From the listing below, please restate exactly the lines beginning at the one with "Pia, kuna suala" and ending at the one with "Búsqueda de tiendas Aktuell en: www.LRP.cc", both included, and skip the pictures.

### Entries supplied
———

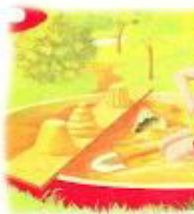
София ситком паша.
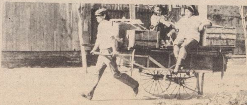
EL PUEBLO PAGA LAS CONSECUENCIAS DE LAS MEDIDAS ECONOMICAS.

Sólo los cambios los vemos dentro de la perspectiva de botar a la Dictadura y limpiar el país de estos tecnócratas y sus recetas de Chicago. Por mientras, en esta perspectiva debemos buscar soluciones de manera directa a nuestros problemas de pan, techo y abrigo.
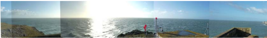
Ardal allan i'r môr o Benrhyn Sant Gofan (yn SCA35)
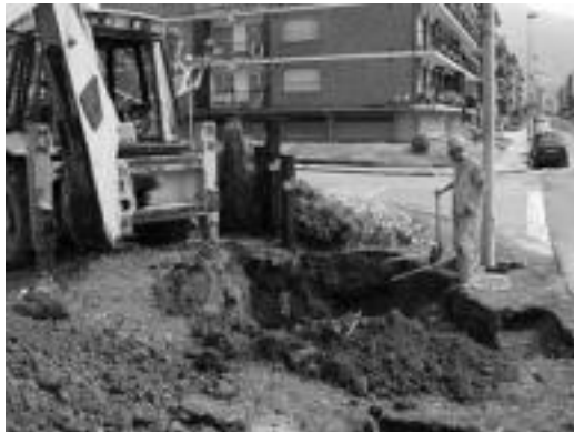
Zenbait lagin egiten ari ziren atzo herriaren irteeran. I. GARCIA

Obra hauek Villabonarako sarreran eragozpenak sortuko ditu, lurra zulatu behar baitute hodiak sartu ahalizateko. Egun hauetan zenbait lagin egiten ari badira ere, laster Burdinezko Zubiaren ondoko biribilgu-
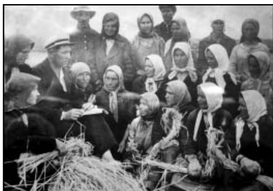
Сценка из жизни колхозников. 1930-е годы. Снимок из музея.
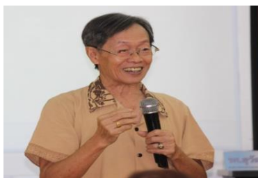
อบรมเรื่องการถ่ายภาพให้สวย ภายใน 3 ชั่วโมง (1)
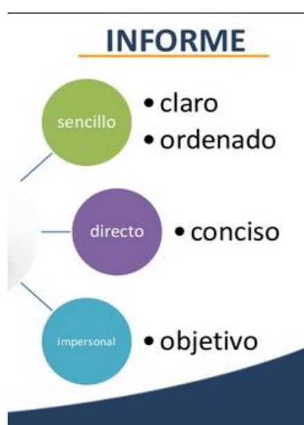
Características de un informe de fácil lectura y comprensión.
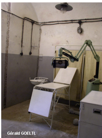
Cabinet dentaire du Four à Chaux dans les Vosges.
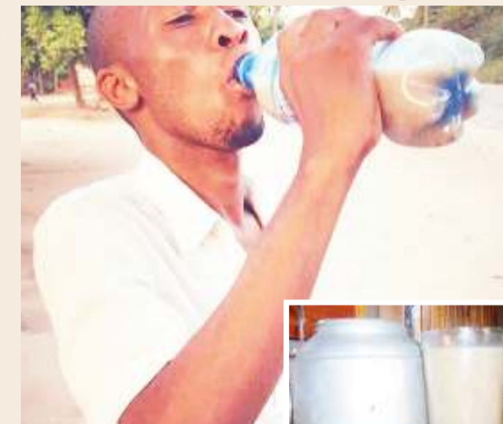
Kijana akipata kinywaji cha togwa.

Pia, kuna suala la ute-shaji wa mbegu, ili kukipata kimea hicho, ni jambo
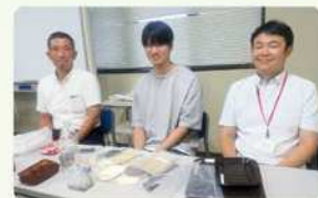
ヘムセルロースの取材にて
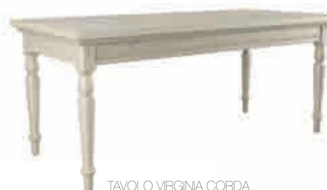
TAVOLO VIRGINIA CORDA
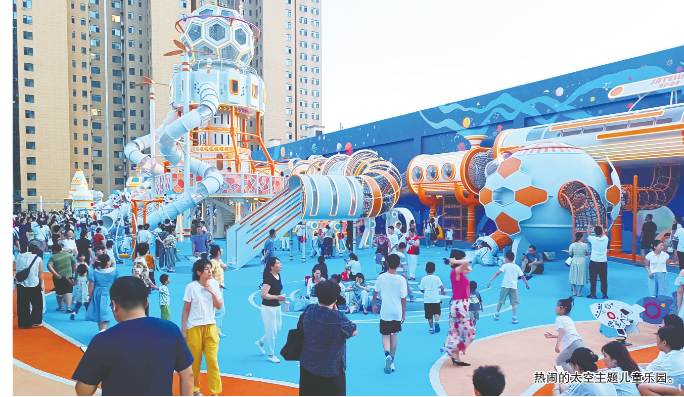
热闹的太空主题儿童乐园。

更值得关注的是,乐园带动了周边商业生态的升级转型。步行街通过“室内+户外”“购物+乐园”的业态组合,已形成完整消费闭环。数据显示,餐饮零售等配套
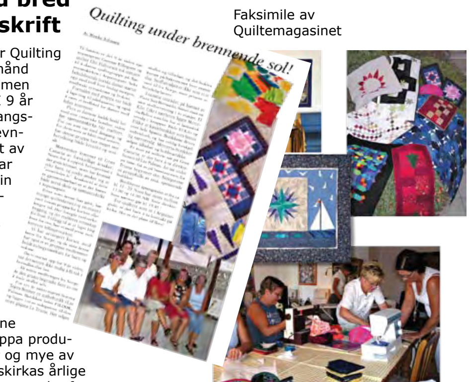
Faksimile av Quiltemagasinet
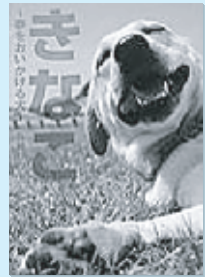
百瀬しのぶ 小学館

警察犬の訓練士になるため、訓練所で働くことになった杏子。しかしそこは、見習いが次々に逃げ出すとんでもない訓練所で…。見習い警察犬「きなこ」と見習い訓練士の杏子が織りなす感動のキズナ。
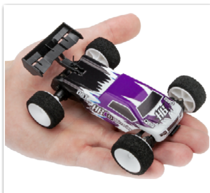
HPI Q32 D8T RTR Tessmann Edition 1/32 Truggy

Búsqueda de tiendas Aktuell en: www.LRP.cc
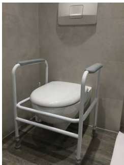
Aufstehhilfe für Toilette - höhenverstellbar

———

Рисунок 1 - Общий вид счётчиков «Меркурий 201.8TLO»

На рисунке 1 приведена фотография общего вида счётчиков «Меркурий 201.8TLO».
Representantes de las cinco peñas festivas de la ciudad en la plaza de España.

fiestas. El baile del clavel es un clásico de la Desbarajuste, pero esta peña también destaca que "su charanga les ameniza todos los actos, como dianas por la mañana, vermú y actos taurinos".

———

### Solution for this exercise
Pia, kuna suala la ute-shaji wa mbegu, ili kukipata kimea hicho, ni jambo
ヘムセルロースの取材にて
TAVOLO VIRGINIA CORDA
热闹的太空主题儿童乐园。

更值得关注的是,乐园带动了周边商业生态的升级转型。步行街通过“室内+户外”“购物+乐园”的业态组合,已形成完整消费闭环。数据显示,餐饮零售等配套
Faksimile av Quiltemagasinet
百瀬しのぶ 小学館

警察犬の訓練士になるため、訓練所で働くことになった杏子。しかしそこは、見習いが次々に逃げ出すとんでもない訓練所で…。見習い警察犬「きなこ」と見習い訓練士の杏子が織りなす感動のキズナ。
HPI Q32 D8T RTR Tessmann Edition 1/32 Truggy

Búsqueda de tiendas Aktuell en: www.LRP.cc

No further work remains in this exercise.